Summary of indels in fly

INDELs	Chr2L	Chr2R	Chr3L	Chr3R	ChrX	Chr4
No. sites overall	236 300	195 139	243 431	225 411	177 697	3927
Variant density (per kb)	10.2785	9.2518	8.7421	8.0950	7.9859	3.0391
No. in splicing	155	153	140	172	82	6
No. in UTR3	6711	7318	7371	8063	7135	134
No. in UTR5	4293	4432	4712	4613	3596	79
No. in upstream ^a	16 877	16 368	16 841	16 417	10 128	241
No. in downstream ^b	14 759	13 530	14 953	14 398	10 528	274
No. in intergetic	81 545	57 305	85 089	68 854	61 799	1137
No. in intron	108 098	92432	110 465	108 684	81 361	1991
No. in exon	3862	3601	3860	4210	3068	65
Synonymous	1353	1219	1103	1352	666	35
Nonsynonymous	2485	2351	2721	2832	2414	25
Stop loss	2	3	6	10	3	0
Stop gain	57	85	75	78	22	8

INDELs	Chr2L	Chr2R	Chr3L	Chr3R	ChrX	Chr4
No. sites overall	236 300	195 139	243 431	225 411	177 697	3927
Variant density (per kb)	10.2785	9.2518	8.7421	8.0950	7.9859	3.0391
No. in splicing	155	153	140	172	82	6
No. in UTR3	6711	7318	7371	8063	7135	134
No. in UTR5	4293	4432	4712	4613	3596	79
No. in upstream ^a	16 877	16 368	16 841	16 417	10 128	241
No. in downstream ^b	14 759	13 530	14 953	14 398	10 528	274
No. in intergetic	81 545	57 305	85 089	68 854	61 799	1137
No. in intron	108 098	92432	110 465	108 684	81 361	1991
No. in exon	3862	3601	3860	4210	3068	65
Synonymous	1353	1219	1103	1352	666	35
Nonsynonymous	2485	2351	2721	2832	2414	25
Stop loss	2	3	6	10	3	0
Stop gain	57	85	75	78	22	8

^a Upstream: Variant overlaps 1-kb region upstream of transcription start site.

^b Downstream: Variant overlaps 1-kb region downstream of transcription end site.

Both Tables 1 and 2 show that, the variant density, which is defined as the total number of variants per kb, is similar for the four arms of chromosome 2 and 3 at about 1 polymorphism per 20 base pairs. Variant density for the X chromosome is markedly lower. This is true even when we take the fact that variants on the X chromosome from the X chromosome lethal project are excluded. This is consistent with the idea that the X chromosome is under higher purify selection as males only have a single copy ( 19 , 20 ).

As expected, the vast majority of the selected variants are likely to be benign polymorphisms for the following reasons. First, variants are enriched in noncoding region as about 70% of them are located in intergenic or intronic regions. Second, for variants that map to exons, 65% are synonymous, not affecting the amino acid sequence of the final protein product. Third, these variants tend to be less conserved bases. As shown in Figure 1 , the average level of evolutionary conservation for the polymorphism bases is lower than that across the genome. It is worth noting that though many polymorphism sites are highly conserved, evolutionary conservation score alone is not sufficient to predict the functional importance of a given base.

Figure 1.

Comparison of evolutionary conservation scores between a whole chromosome and its polymorphism sites. In each plot, the left boxplot depicts conservation scores of a whole chromosome, such as ‘2L’ for chromosome 2L; the right boxplot displays conservation scores of which polymorphisms exists, for example ‘2L_SNP’ representing polymorphism sites of chromosome 2L.

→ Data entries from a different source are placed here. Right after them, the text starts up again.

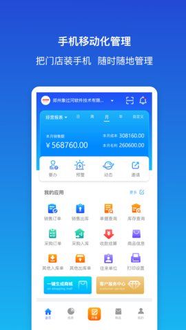 3. 全景式经营数据仪表盘:软件首页设计了一个高度可视化的数据看板,以折线图、柱状图、饼图等形式,动态展示今日、本周、本月的关键绩效指标,如销售额、毛利润、订单数量、库存周转率等。管理者登录后即可一目了然地把握企业实时运营状况,无需从繁杂的报表中手动提取信息。
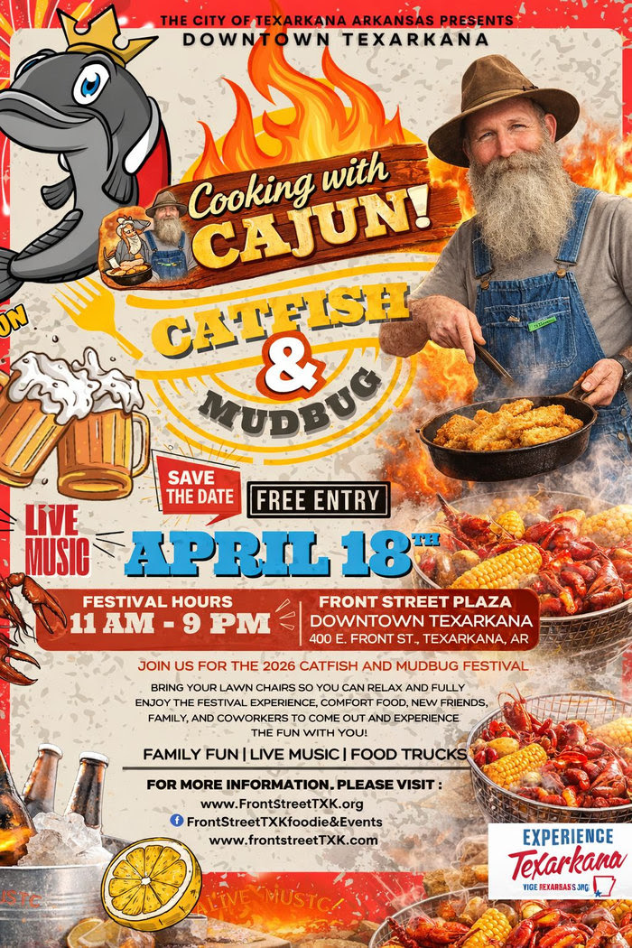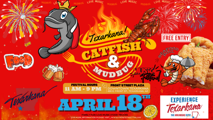 Texarkana, AR – Downtown Texarkana is turning up the heat on April 18 as the Catfish & Mudbug Festival returns to Front Street from 11AM to 9PM at 400 E Front St. This year’s festival brings an exciting addition to the lineup with featured attraction Cooking with Cajun, known for delivering authentic Cajun flavor and high-energy cooking experiences.
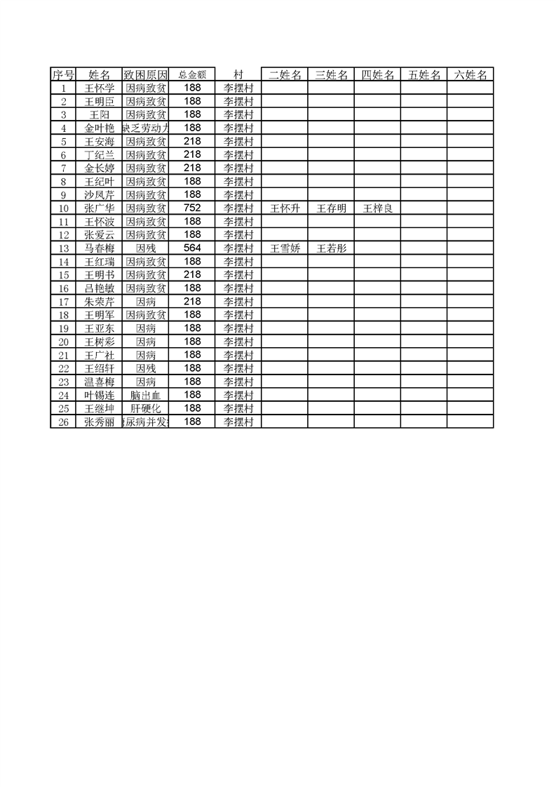 王桥镇11月份农村低保 李摆村

Interestingly, we identified a total of 150 000 variants that corresponds to non-sense mutations, frame shifts and splice site mutations. These represent potential loss of function (LOF) mutations. These variants may affect genes that do not play an essential role in viability or cause an obvious phenotype ( 21 ). Second, a detrimental variant may be compensated for by a different variant, present elsewhere in the genome. Third, it is possible that a variant only affects a subset of transcript, isoforms or functional domains of a gene. This is particularly likely when a variant is located within alternatively spliced exons. Finally, nonsense mutations towards the end of a protein coding region may lead to a minor truncation of the protein with subtle functional consequences ( 22 ). To exclude the last two possibilities, we applied stringent criteria by which only LOF mutations that fall within constitutive exons and not within the last coding exons are considered. As a result, a total of 1094 genes that have clear LOF mutations when in a homozygous state in at least one strain is identified and these genes are considered dispensable for obvious developmental defects. When applied, this dispensable gene list allows exclusion of variants from these genes during the filtering process, further improving the selectivity in classifying deleterious mutations. We noticed that some dispensable genes are known lethal genes. Therefore, we provided an option for users whether to filter out variants within dispensable gene regions.

PLATFORM FUNCTIONS

To facilitate the usage of the database by individual researcher, we have implemented several web based functionalities to the database, allowing querying, annotating and filtering.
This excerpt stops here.